WORK INSTRUCTIONS:
Omit the pictures, and output the rest of the entries exactly as written.

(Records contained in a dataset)

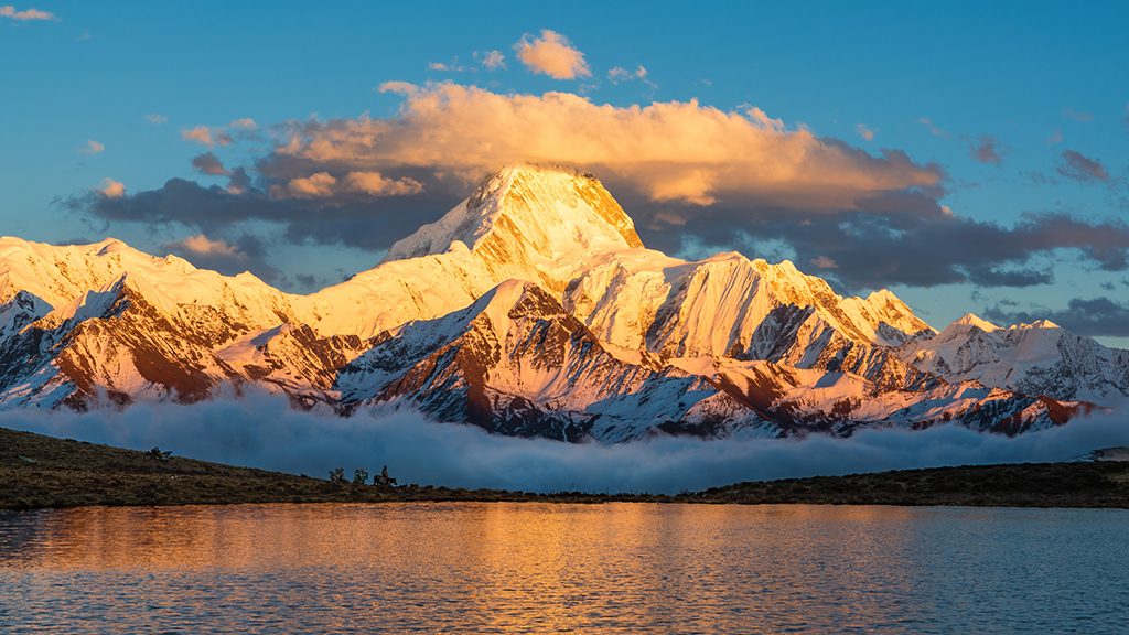 With an altitude of 7,556 meters, Mount Gongga is the highest mountain in Southwest China’s Sichuan province. In late autumn, the snow-capped mountain showcases a magnificent view, resembling a golden palace in the sun.
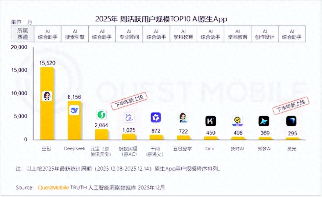 Quest Mobile发布AI应用排名:豆包、DeepSeek、元宝...
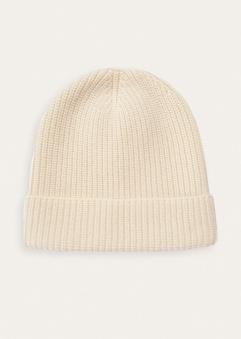 Шапка выполнена в молочном оттенке, который особенно эффектно выглядит в сочетании с классической симметричной вязкой.
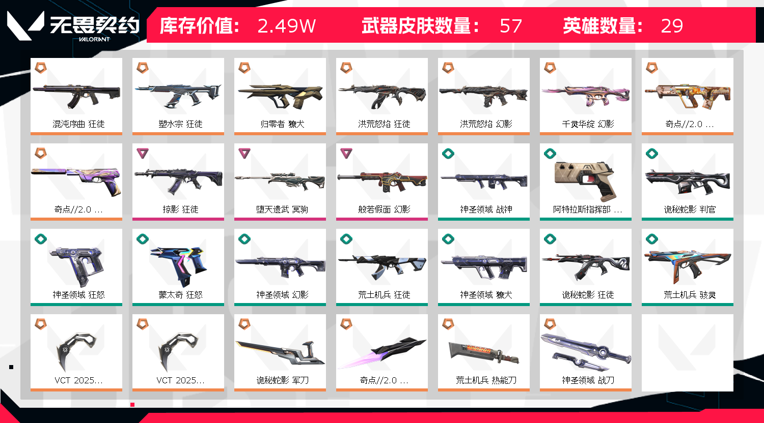 有混沌莲花流脓般若;VCT 2025 爪刀,归零者 獠犬,洪荒怒焰 狂徒,掠影 狂徒,洪荒怒焰 幻影,混沌序曲 狂徒,塑水宗 狂徒,
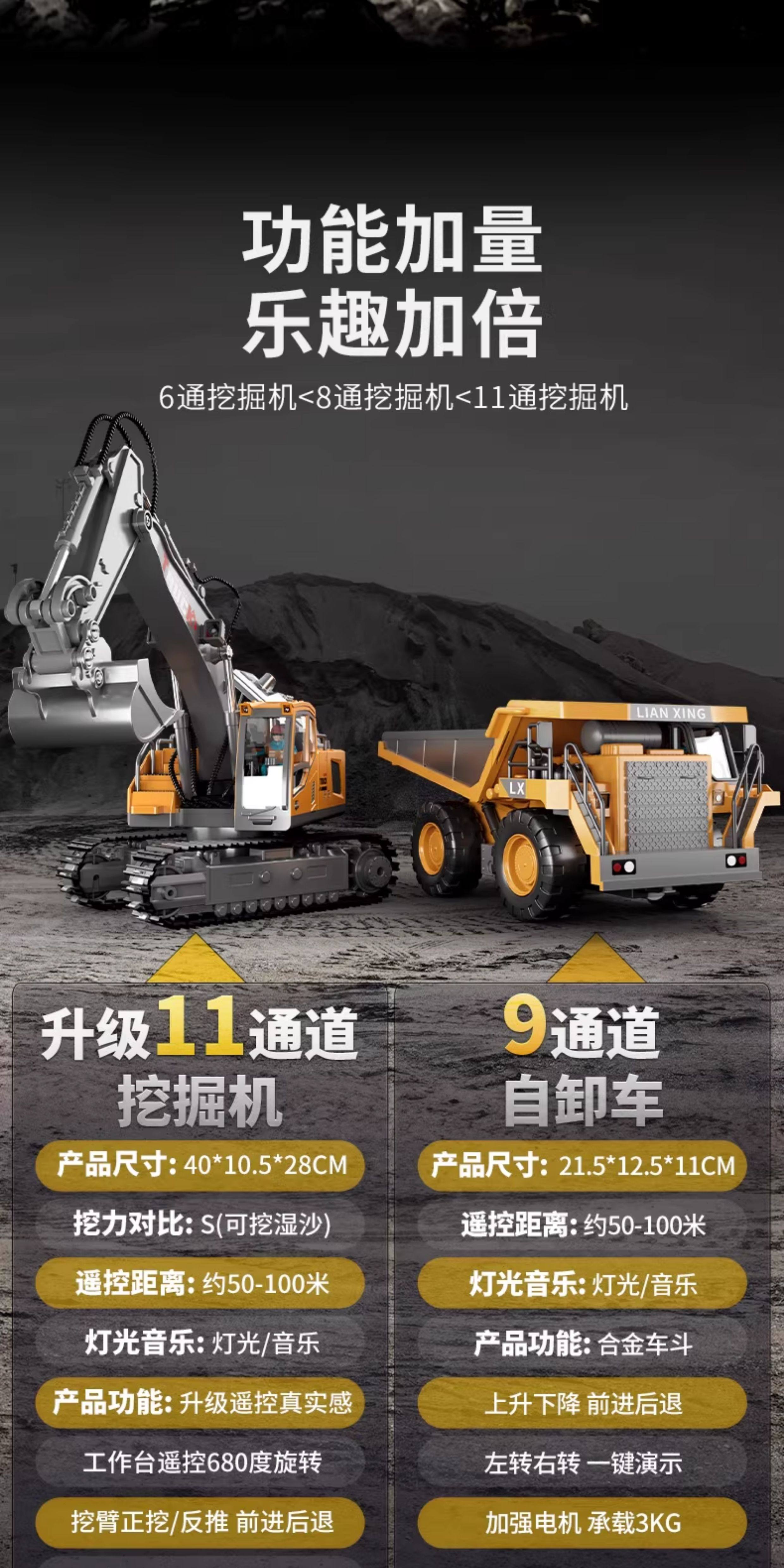 | Color Classification | Alloy Version 6-Channel Excavator[Classic Color],[Upgraded Workbench Remote Control Rotation]10-Action Alloy Excavator Set[Cost-Effectiveness],[Cost-Effectiveness]Large 13 Command 11-Pass Alloy Excavator[Full Function],[Top Rocker]Large 13 Command 11-Pass Alloy Excavator[Classic],[Top Rocker]Large 13 Command 11-Pass Alloy Excavator[White],[Top Configuration]Large 13 Command 11-Pass Alloy Excavator[Premium White],[Top-Of-The-Line Enhanced Edition]Large 17-Instruction Individually Controlled Articulated Alloy Excavator[Classic],[Top-Of-The-Line Enhanced Edition]Large 17-Instruction Individually Controlled Articulated Alloy Excavator[White],[Cost-Effectiveness]11-Channel Excavator + 9-Channel Dump Truck[Classic Yellow],[Recommended for Fun]11-Channel Excavator + 9-Channel Dump Truck[Classic Yellow],[Have Fun]11-Channel Excavator + 9-Channel Dump Truck[White],[Have Fun]11-Channel Excavator + 9-Channel Dump Truck[Premium White],[Top-Tier Interactivity]17-Instruction Excavator + 9-Instruction Dump Truck[Classic],[Can Handle Powerful Motors]Alloy 9-Channel Dump Truck[Classic],[Can Handle Powerful Motors]Alloy 9-Channel Dump Truck[White],[Cost-Effectiveness]Alloy 6-Channel Dump Truck,[Cost-Effectiveness]Large 13 Command 11-Pass Alloy Excavator - Full Function,5 Channel Excavator[Classic Yellow],One-Piece Molded Thickened Track★Tough, Wear-Resistant, and Not Easily Broken★3C Certified, Sturdy Material, Guaranteed to Be Resistant to Falling and Not Easily Broken★High-Capacity, 2-Hour Battery Life, Rechargeable Liebherr 970 Large Truck Heavy-Duty Hook Truck Handle for Large Cranes,Recommendations for Children's Day Gifts★Children's Day Gifts for Children★Write Greeting Cards★Wishing Them a Happy Birthday!★Artificial Full Hydraulic Model Black Technology Handle Excavator Engineering Vehicle Internet Celebrity Hook Machine Excavator Track Charging Remote Control,⭐Contact Customer Service for Store Activities and Get Surprises,--------------------------,--------------------------------,--------------------------- |
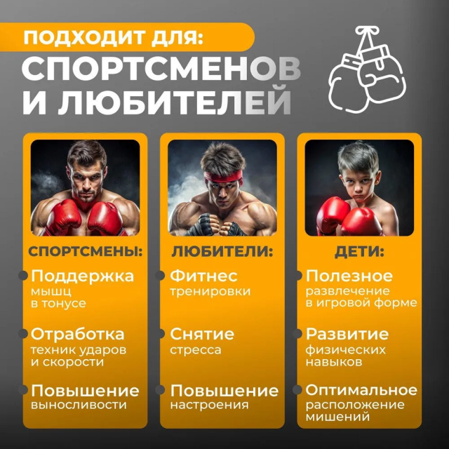 Боксерская мишень выполнена из высококачественных материалов. Прорезиненные зоны для ударов мягкие на ощупь и приятны для кожи, а внутренний слой из пенопласта обеспечивает надежную защиту рук ребенка. Эти материалы не только делают устройство долговечным и прочным, но и облегчают уход за поверхностью, которая легко очищается.

OUTPUT OF THE TASK:
 With an altitude of 7,556 meters, Mount Gongga is the highest mountain in Southwest China’s Sichuan province. In late autumn, the snow-capped mountain showcases a magnificent view, resembling a golden palace in the sun.
 Quest Mobile发布AI应用排名:豆包、DeepSeek、元宝...
 Шапка выполнена в молочном оттенке, который особенно эффектно выглядит в сочетании с классической симметричной вязкой.
 有混沌莲花流脓般若;VCT 2025 爪刀,归零者 獠犬,洪荒怒焰 狂徒,掠影 狂徒,洪荒怒焰 幻影,混沌序曲 狂徒,塑水宗 狂徒,
 | Color Classification | Alloy Version 6-Channel Excavator[Classic Color],[Upgraded Workbench Remote Control Rotation]10-Action Alloy Excavator Set[Cost-Effectiveness],[Cost-Effectiveness]Large 13 Command 11-Pass Alloy Excavator[Full Function],[Top Rocker]Large 13 Command 11-Pass Alloy Excavator[Classic],[Top Rocker]Large 13 Command 11-Pass Alloy Excavator[White],[Top Configuration]Large 13 Command 11-Pass Alloy Excavator[Premium White],[Top-Of-The-Line Enhanced Edition]Large 17-Instruction Individually Controlled Articulated Alloy Excavator[Classic],[Top-Of-The-Line Enhanced Edition]Large 17-Instruction Individually Controlled Articulated Alloy Excavator[White],[Cost-Effectiveness]11-Channel Excavator + 9-Channel Dump Truck[Classic Yellow],[Recommended for Fun]11-Channel Excavator + 9-Channel Dump Truck[Classic Yellow],[Have Fun]11-Channel Excavator + 9-Channel Dump Truck[White],[Have Fun]11-Channel Excavator + 9-Channel Dump Truck[Premium White],[Top-Tier Interactivity]17-Instruction Excavator + 9-Instruction Dump Truck[Classic],[Can Handle Powerful Motors]Alloy 9-Channel Dump Truck[Classic],[Can Handle Powerful Motors]Alloy 9-Channel Dump Truck[White],[Cost-Effectiveness]Alloy 6-Channel Dump Truck,[Cost-Effectiveness]Large 13 Command 11-Pass Alloy Excavator - Full Function,5 Channel Excavator[Classic Yellow],One-Piece Molded Thickened Track★Tough, Wear-Resistant, and Not Easily Broken★3C Certified, Sturdy Material, Guaranteed to Be Resistant to Falling and Not Easily Broken★High-Capacity, 2-Hour Battery Life, Rechargeable Liebherr 970 Large Truck Heavy-Duty Hook Truck Handle for Large Cranes,Recommendations for Children's Day Gifts★Children's Day Gifts for Children★Write Greeting Cards★Wishing Them a Happy Birthday!★Artificial Full Hydraulic Model Black Technology Handle Excavator Engineering Vehicle Internet Celebrity Hook Machine Excavator Track Charging Remote Control,⭐Contact Customer Service for Store Activities and Get Surprises,--------------------------,--------------------------------,--------------------------- |
 Боксерская мишень выполнена из высококачественных материалов. Прорезиненные зоны для ударов мягкие на ощупь и приятны для кожи, а внутренний слой из пенопласта обеспечивает надежную защиту рук ребенка. Эти материалы не только делают устройство долговечным и прочным, но и облегчают уход за поверхностью, которая легко очищается.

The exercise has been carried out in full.